• _WHAT IS EXPECTED_: Print the line containing "Яркий пример деятельности" and all lines after it, unchanged, through the end of the data. Leave the pictures out.

• _RECORDED DATA_:

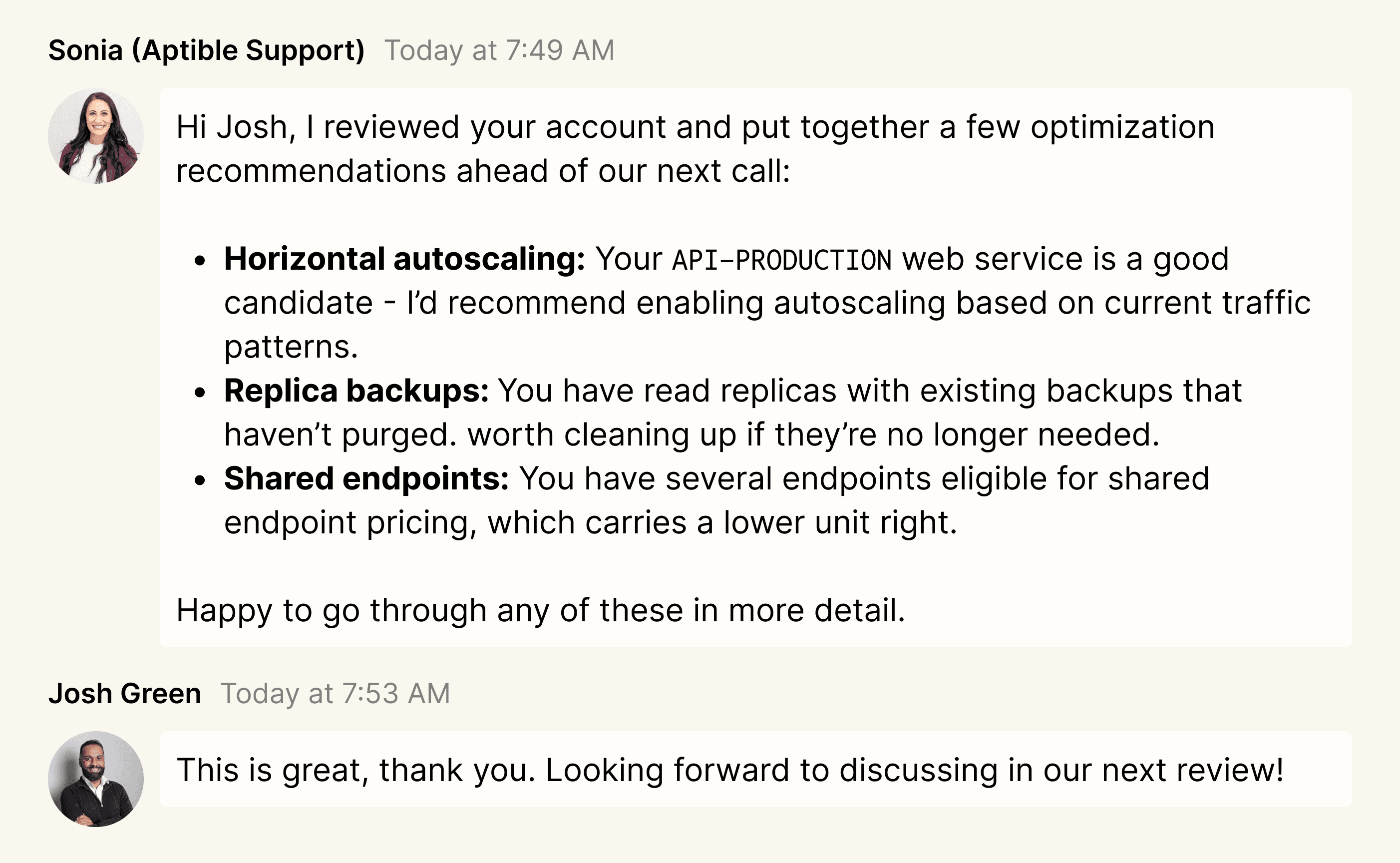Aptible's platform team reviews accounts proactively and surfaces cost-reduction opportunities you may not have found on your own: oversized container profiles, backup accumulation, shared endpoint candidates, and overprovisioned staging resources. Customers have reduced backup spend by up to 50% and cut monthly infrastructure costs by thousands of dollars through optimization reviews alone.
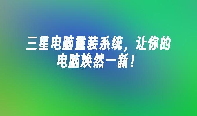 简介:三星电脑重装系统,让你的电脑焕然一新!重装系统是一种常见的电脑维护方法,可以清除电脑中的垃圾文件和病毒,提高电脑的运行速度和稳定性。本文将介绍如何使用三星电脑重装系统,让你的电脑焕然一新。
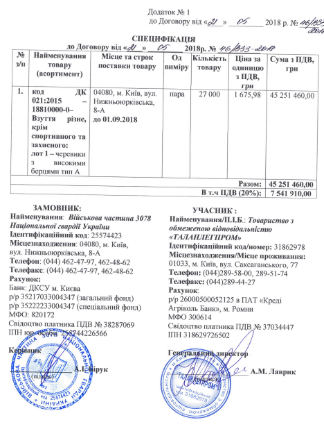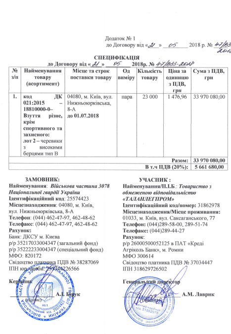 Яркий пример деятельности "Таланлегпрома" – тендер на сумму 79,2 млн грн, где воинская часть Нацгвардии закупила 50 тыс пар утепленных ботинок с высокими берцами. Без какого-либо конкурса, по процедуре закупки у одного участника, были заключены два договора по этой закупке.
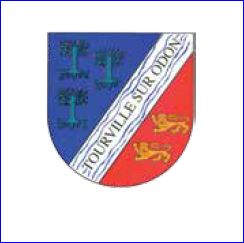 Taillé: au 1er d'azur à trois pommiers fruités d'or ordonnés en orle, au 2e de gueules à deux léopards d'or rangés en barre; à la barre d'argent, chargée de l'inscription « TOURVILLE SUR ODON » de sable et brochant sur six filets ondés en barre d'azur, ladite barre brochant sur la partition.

• _EXERCISE SOLUTION_:
 Яркий пример деятельности "Таланлегпрома" – тендер на сумму 79,2 млн грн, где воинская часть Нацгвардии закупила 50 тыс пар утепленных ботинок с высокими берцами. Без какого-либо конкурса, по процедуре закупки у одного участника, были заключены два договора по этой закупке.
 Taillé: au 1er d'azur à trois pommiers fruités d'or ordonnés en orle, au 2e de gueules à deux léopards d'or rangés en barre; à la barre d'argent, chargée de l'inscription « TOURVILLE SUR ODON » de sable et brochant sur six filets ondés en barre d'azur, ladite barre brochant sur la partition.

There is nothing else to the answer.